You know that your actions influence your outcomes. But you might not realize that your beliefs can improve your health, too.  

Research suggests that living with purpose can help you live longer and lower your risk of premature death. This held true even when the scientists controlled for gender, ethnicity, race, and socioeconomic status.

The study looked at more than 13,000 adults over 50 and then tracked their health over an 8-year period. Those with the strongest sense of purpose lower their risk of death by more than 20 percent compared to those with the least sense of purpose. 

The scientists speculate that finding more purpose could make you more likely to engage in healthier behaviors. Another study found that those with a greater sense of purpose were 24 percent less likely to be inactive, 33 percent less likely to suffer from sleep problems, and 22 percent less likely to be overweight. 

While it sounds complicated, finding purpose is about identifying what you care about, spending time with people, and having meaningful experiences. That’s why even when those of lesser means who find their purpose experience psychological and physiological benefits that help support a longer life with less overall disease. 

If you’re looking to find more purpose, start by making a list of things things you find meaningful. It can be friends, family, work, charity, donating your time, activities you love, or even finding time to exercise and prioritize your health. And then, the goal is to block off those meaningful moments on your calendar and make sure you do them. The more consistently you make time for the things that matter to you, the more you’ll feel you’re living a purposeful life. 

The Eary Bird Advantage

The best time of day to exercise is the one that works for you. But if you’re looking for a little edge and you tend to struggle with your weight and other health conditions, the timing of your workouts might give you an extra boost.

New research suggests that people who exercise in the morning are better at reversing the effects of metabolic syndrome.

Metabolic syndrome is a group of health conditions that hit all at once, including abdominal obesity, high blood pressure, high fasting blood sugar, high blood triglycerides, and HDL-C. This condition increases the risk of several dangerous conditions, such as cardiovascular disease and type 2 diabetes.

In the study, researchers compared high-intensity exercise in the morning (between 8 and 9 am) to the afternoon (between 4 and 6 pm). Both groups saw significant changes in their fat mass, waist circumference, and diastolic blood pressure, but — despite doing the same workouts — the morning training group experienced additional benefits. The morning exercisers also improved their systolic blood pressure, insulin, and HOMA-IR (a measure of insulin resistance and pancreatic health).

More research is needed to determine why the morning group experienced more benefits, but the researchers hypothesized that it has to do with how the body burns food for energy. Exercise primes the body to process calories for fuel better, so the morning group may have ended up experiencing this effect for both lunch and dinner, while the evening group only experienced this effect for dinner. It’s why fat loss was the same, but insulin management was different.

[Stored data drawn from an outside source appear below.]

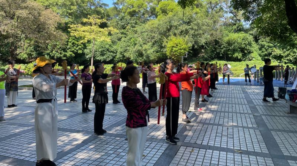 這一兩個月來,每天早上,有一群精氣神十足的阿姨們,手持一種舞蹈道具,在南頭古城臨中山公園的地方,非常有意思地跳著一種舞蹈,成為了南頭古城的一道風景。
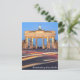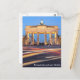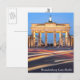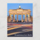 A nighttime photograph of the Brandenburg Gate in Berlin with traffic trails is featured on this postcard.
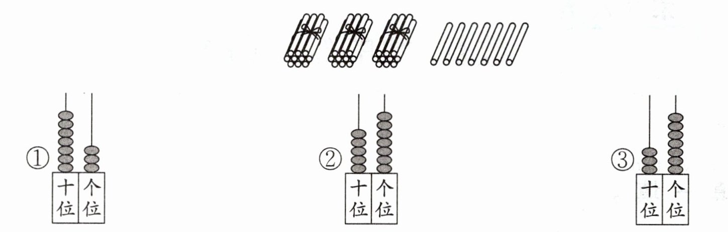 32:在计数器的十位上画3颗珠子,个位上画2颗珠子;

The catch? Don’t forget what we said first: exercising at a time that works for you is most important. Don't force the issue if morning exercise makes you miserable or doesn’t fit your schedule. Stick to the exercise routine that helps you be most consistent because study after study shows that’s what matters most. Even in the current research, both groups improved their metabolic syndrome scores and overall health. 

How to Simplify Behavioral Change

Speaking of behavioral change, Arnold frequently talks about the importance of routines. Throughout the past couple of weeks, some of the most popular items in the Pump Club included,

Research suggests that adding protein to your breakfast can cause a domino effect that helps control your appetite and improve your food choices for the rest of the day. 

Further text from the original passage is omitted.